The 4K restoration of Songs for Drella, the classic album by Lou Reed and John Cale, reinvigorates the passion for the pioneering and ambitious life of the legendary Andy Warhol, to whom the album is dedicated. 

Lou Reed and John Cale, both ex-members of the prestigious art-rock band The Velvet Underground “(VU),” got their start thanks to the iconic Andy Warhol, their manager back in 1966. Warhol’s art show, aka the Exploding Plastic Inevitable, had the VU front and center as its musical presentation along with Christa Päffgen, better known as Nico, adding backup vocals to their sets. Then, a year later came their self-titled debut record, which nowadays is critically acclaimed, but back then was received quite poorly. 
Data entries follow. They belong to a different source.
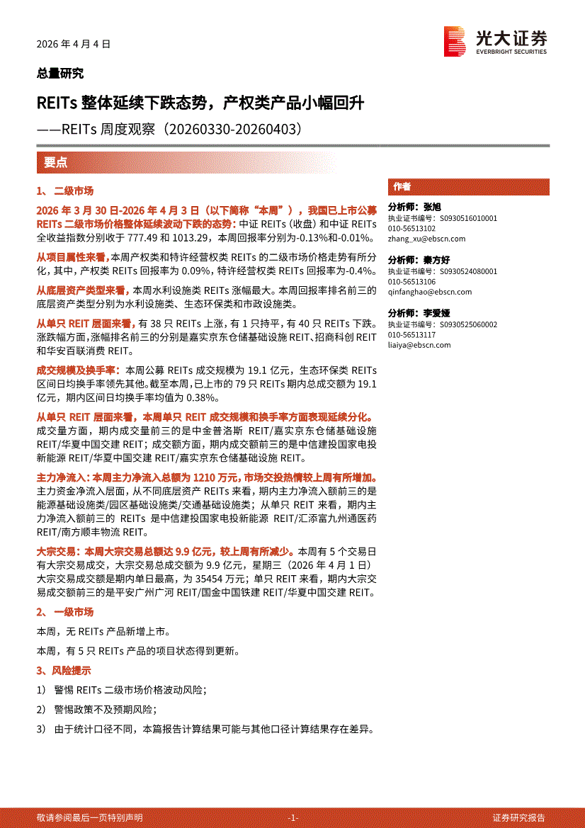 光大证券-REITs周度观察:REITs整体延续下跌态势,产权类产品小幅回升-260404
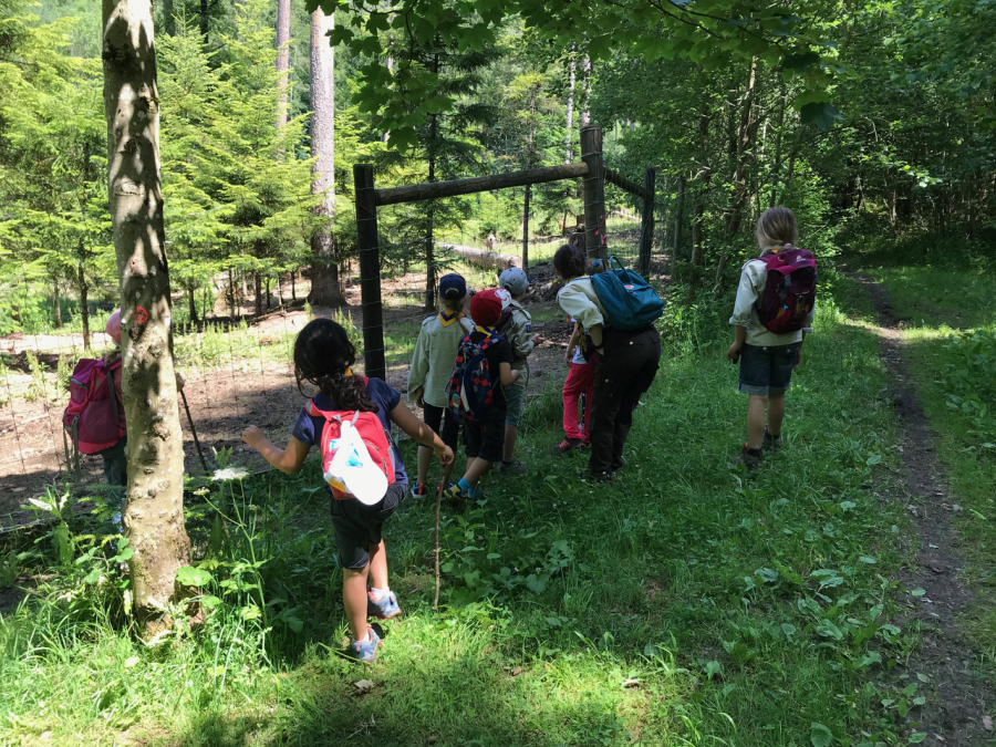 Sie waren aus Tübingen, Herrenberg und Rottenburg angereist, um gemeinsam Tiere des Waldes zu entdecken. Dazu eignete sich der dortige „Walderlebnispfad“ hervorragend. Zwischen Bäumen und Sträuchern konnten wir geschnitzte Tiere suchen, ein Tierrätsel lösen und uns durch den Dschungelpfad kämpfen. Am Wildgehege warteten wir gespannt, ob irgendwo Wildschweine auftauchen. Zurück am Spielplatz hatten die Leiter waldpädagogische Spiele wie z.B. „Fledermaus und Motte“ oder „Vogelfüttern“ vorbereitet, bei denen wir Vorgänge aus der Natur spielerisch umsetzen konnten. Natürlich durfte bei dem heißen Wetter ein Wasserspiel nicht fehlen und Klassiker wie Wikingerschach und Fußball waren ebenfalls angeboten. Für das Mittagessen brannten zwei schöne Feuer, über denen wir unsere mitgebrachten Würstchen grillten.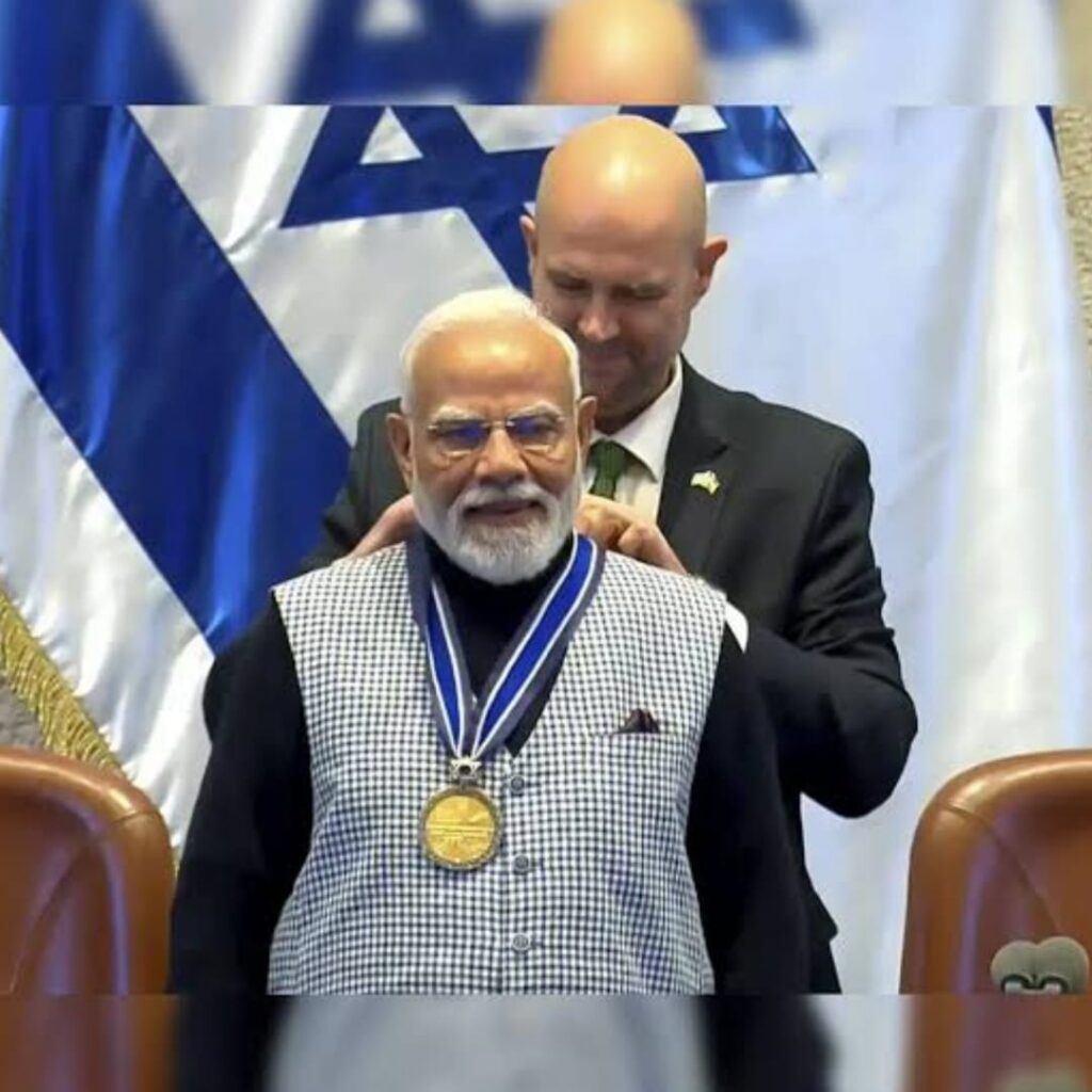 இஸ்ரேல் நாடாளுமன்றத்தின் மிக உயரிய விருதான “கன்னசெட் உரையாளர்” விருது நரேந்திர மோடிக்கு வழங்கப்பட்டது.
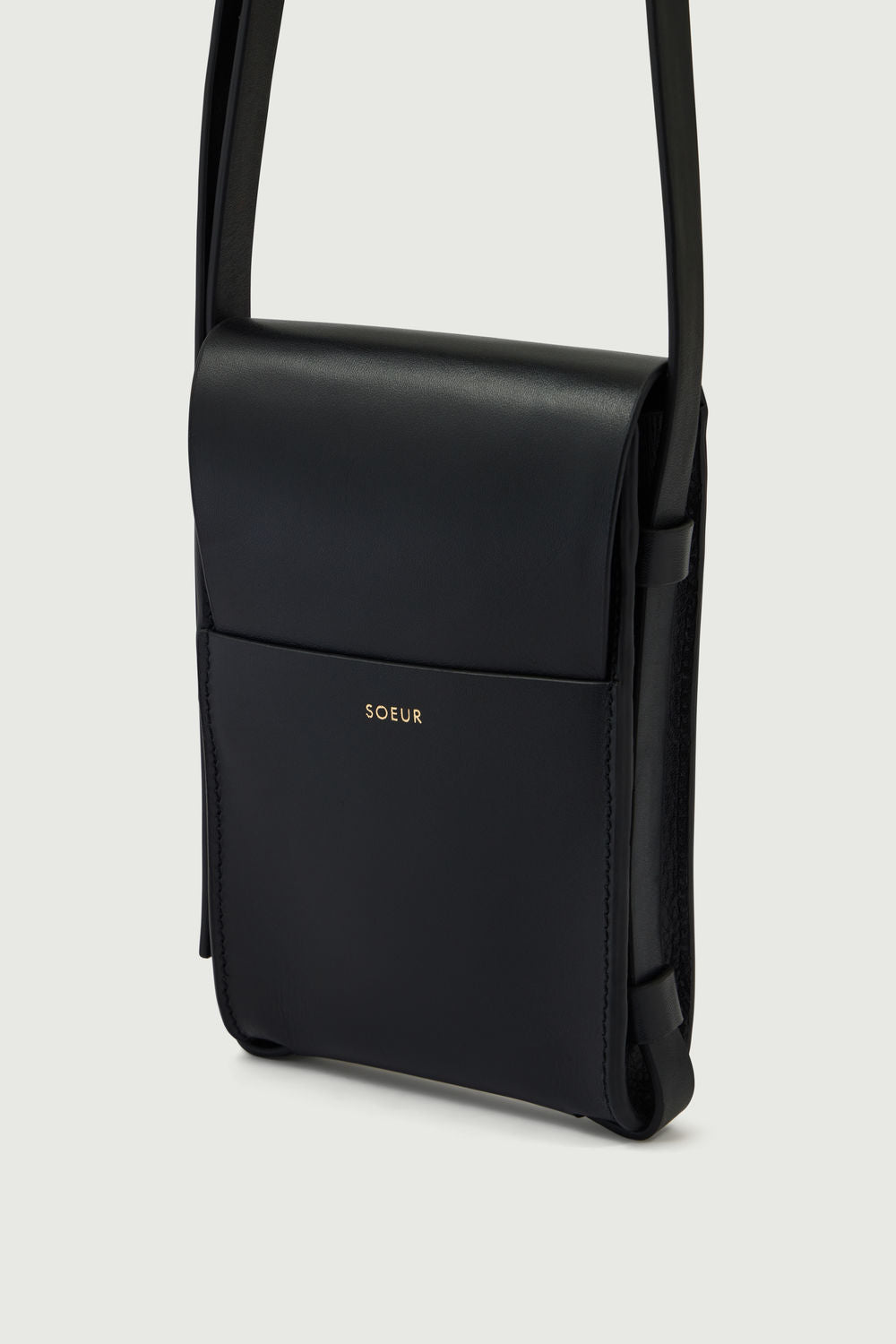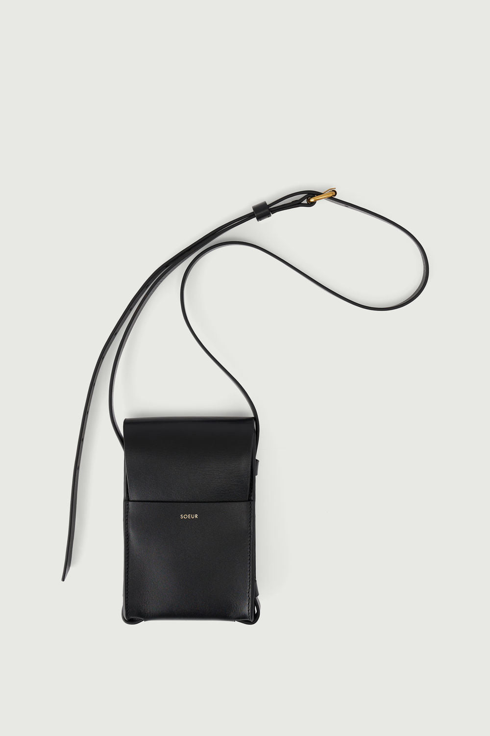 - Porte-téléphone à rabat en cuir lisse à bandoulière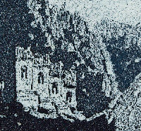 (petits formats - eau-forte au sucre) commencées par accident avec une première plaque de cuivre, restée dans l'acide. Je "m'attaque" à de tous petits formats. Cette série minuscule à été initiée par le travail de Marc Jurt graveur Suisse qui avait exposé à la galerie Michèle Broutta, je l'ai réalisé dans l'esprit d'un éphéméride voyageur . Travail introspectif, s'inspirant de l'esprit des architectures minuscules situées entre l' Espagne et Arménie, les deux extrêmes d'une Europe médiévale,héritière de l'antiquité, mais pas encore gothique. Mes voyages au Nord de l'Espagne,des monastères wisigothiques et mozarabes, aux alentours de Ravenne en italie, à la Sicile normande, en passant par les Météores en Grèce, la Cappadoce, et les ruines de la ville d’Ani en Turquie...en seront les sources essentielles.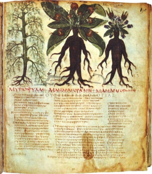 Ομοιοπαθητικά φάρμακα. Ο μανδραγόρας, από τον Διοσκουρίδη. Νεάπολη, Εθνική Βιβλιοθήκη.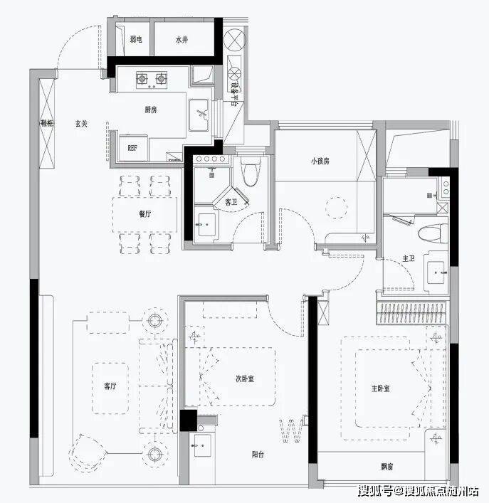 约111㎡边套:创新做到四房设计,全屏开放式餐客厅面积近30㎡,搭配大飘窗,尺度宽松 。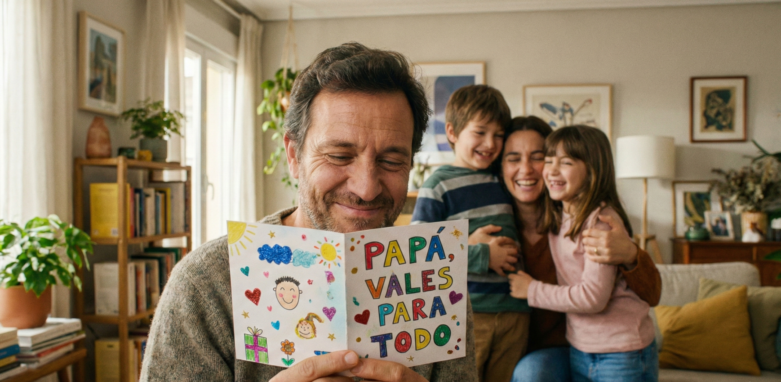 A veces, el mayor impacto está en los detalles más pequeños. Esta postal viene acompañada de un bonito llavero y el mensaje «Papá vales para todo». Es la opción perfecta si buscas regalos del dia del padre que sirvan como complemento a otro detalle, o si tienes un presupuesto ajustado pero no quieres renunciar a emocionarle.

Fast forward to the year 1990, three years after Warhol’s death; Reed and Cale haven’t worked with each other for quite a while, albeit they reunited to make an homage to the man who forged them into the artists they are today: Songs for Drella. The name Drella comes from a nickname given to Warhol, as he has been described as a mixture between Cinderella and Dracula, which in 1974 he released his feature about the vampire, Andy Warhol’s Dracula aka. Blood for Dracula

As a companion piece to the album, they teamed up with cinematographer Edward Lachman (Carol, Far From Heaven, Erin Brockovich) to perform those tracks live on a soundstage. They rarely share looks as they sing the detailed songs; not all are in the same tone, as some are peaceful and tranquil, while others take a more energetic verve to describe the passion being driven by the ex-bandmates and the creativity of the pop art figure. Drella’s beginnings in Pittsburgh, a retelling of one of his dreams or work ethic. Each track emancipates a different aspect or point in his life, accompanied by Reed’s guitar and Cale’s piano and violin. 

When that pulsing last note in “Forever Changed” hits, you are then guided by one of the album’s most honest tracks, “Hello, It’s Me”; Lou Reed sings “things always seem to end before they start” while John Cale beautifully plays the violin. Its lyrics are so pure of heart and resentment for that lost last goodbye by Reed. “I wish someway, somehow, you like this little show; I know this is late in coming, but it’s the only way I know”. You feel the pain in your heart, and the delicate somber notes grow from within. If it wasn’t for him, where would Reed and Cale be? That’s why this record is filled with both regret and compassion for the icon people knew as Andy Warhol. 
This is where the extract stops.